I know I'm not Colin, but no... not on a regular basis... they're deep fat fried, which means that they're full of fat. Not good. However chicken is a Good Thing - it just depends on how you cook it.

I have a suggestion - why don't you start a thread asking us to list what we eat on a typical day, or during a week? That way you'd have an idea of typical diets - which are pretty varied. 

Random idea, may not be helpful, I don't know.


----------



## Rhythm Thief (21 Jun 2011)

I'd go with what Colin says. If you're going to try chicken (and you should, when you're ready), go out and buy free range breast meat from a good butchers, or failing that from the expensive bit of Sainsbury's.

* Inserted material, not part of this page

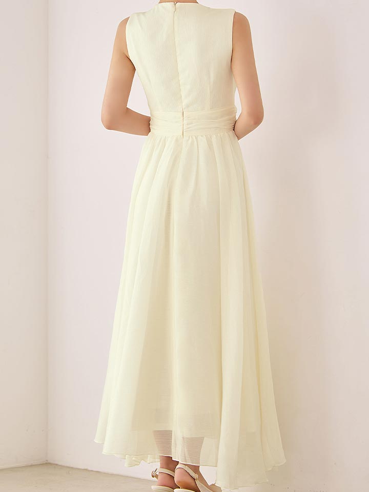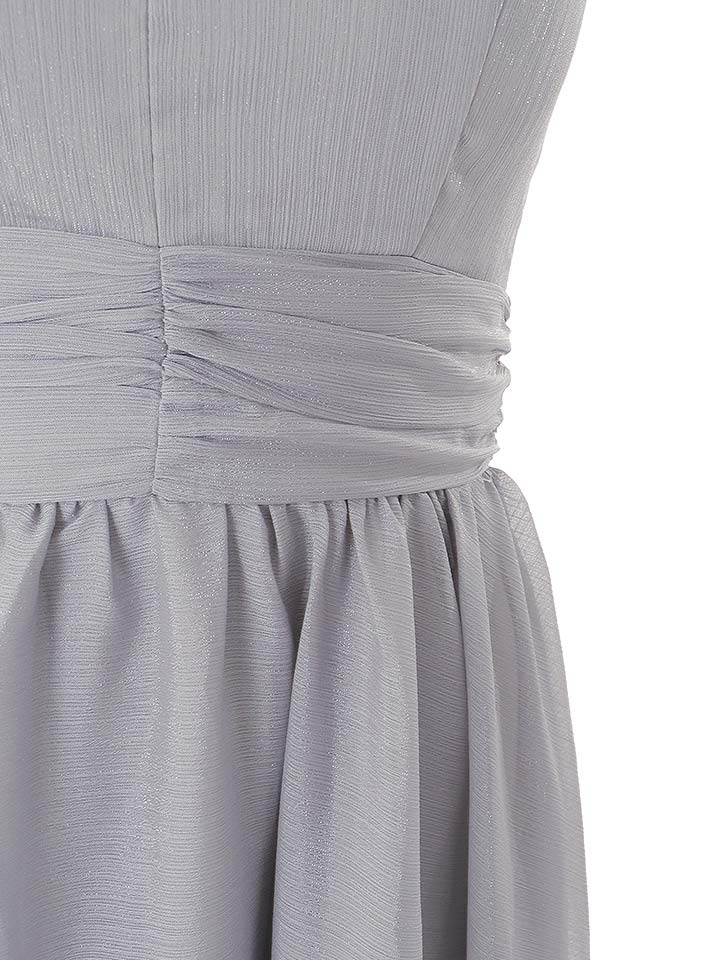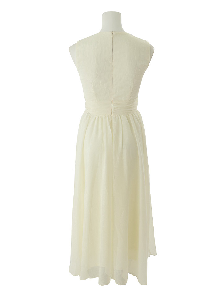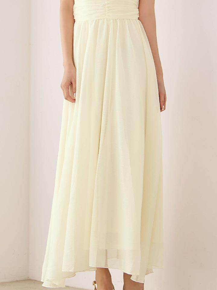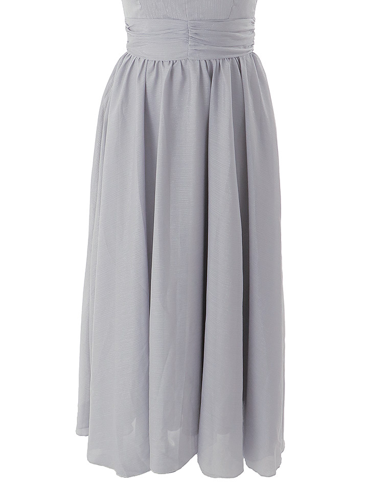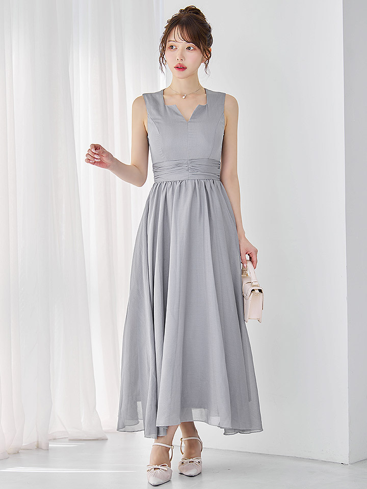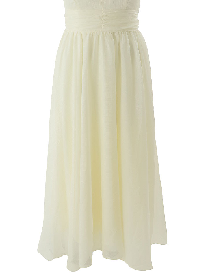 ふんわりと広がるシフォンのフレアスカートが軽やかに揺れるロングドレス。
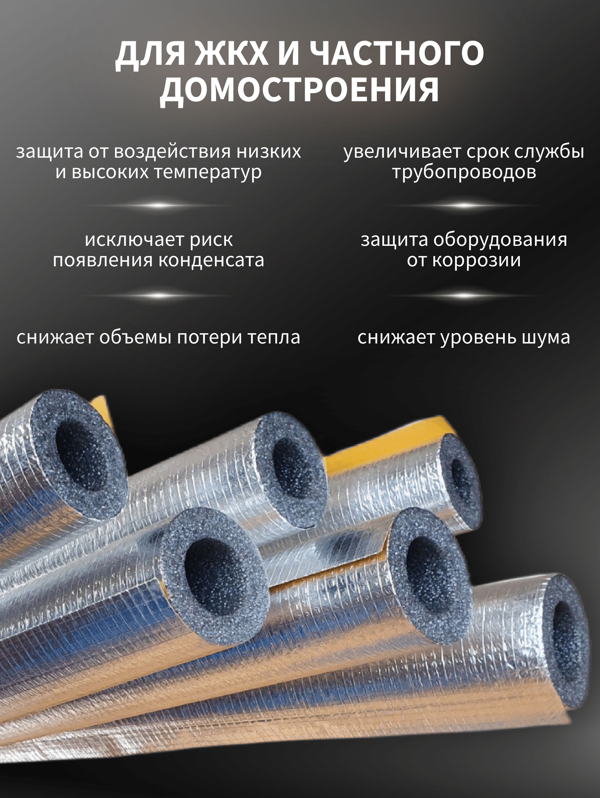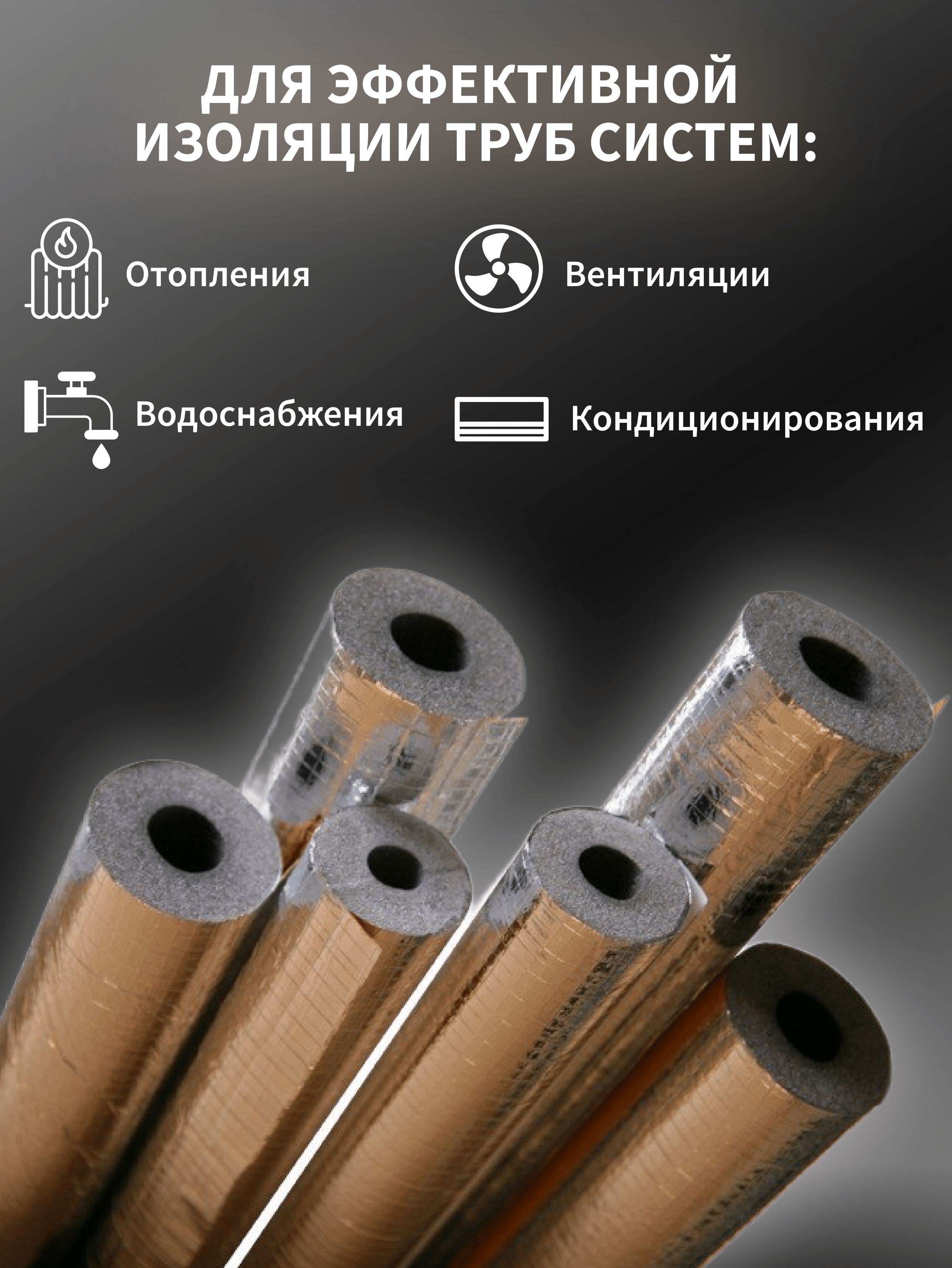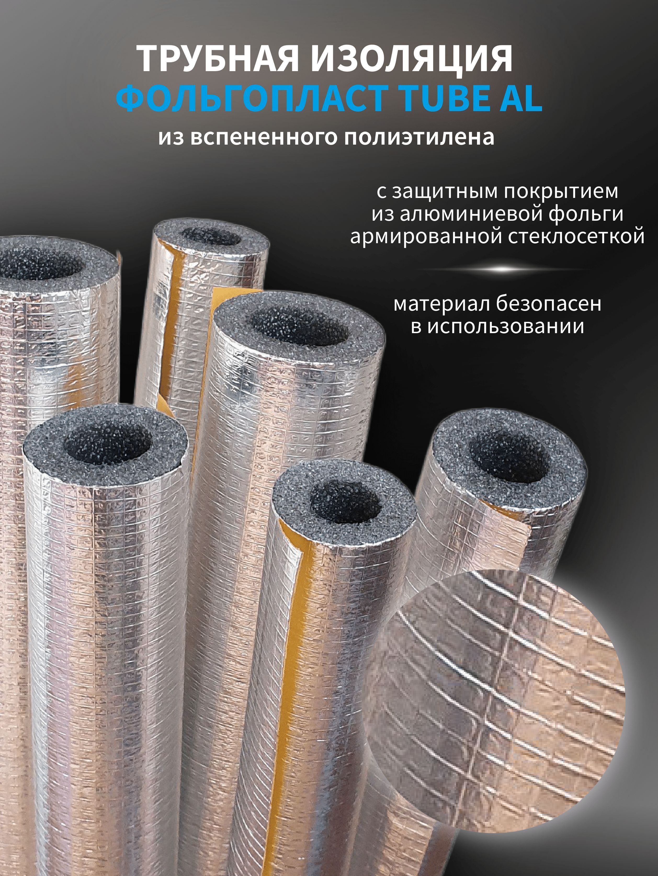 Теплоизоляция для труб - трубки из вспененного полиэтилена с защитным покрытием из алюминиевой фольги армированной стеклосеткой. Технические характеристики материала обеспечивают отличную теплоизоляцию конструкции и контроль над образованием конденсата. Закрытая ячеистая структура гарантирует высокое сопротивление паропроницанию.

KFC is - how can I put this? - horrible.


----------



## ColinJ (21 Jun 2011)

fimm said:


> I have a suggestion - why don't you start a thread asking us to list what we eat on a typical day, or during a week? That way you'd have an idea of typical diets - which are pretty varied.


The only trouble with that is that the majority of adults in this country are overweight, eat poor diets and have resultant health issues!


----------



## potsy (21 Jun 2011)

ColinJ said:


> The only trouble with that is that the majority of adults in this country are overweight, eat poor diets and have resultant health issues!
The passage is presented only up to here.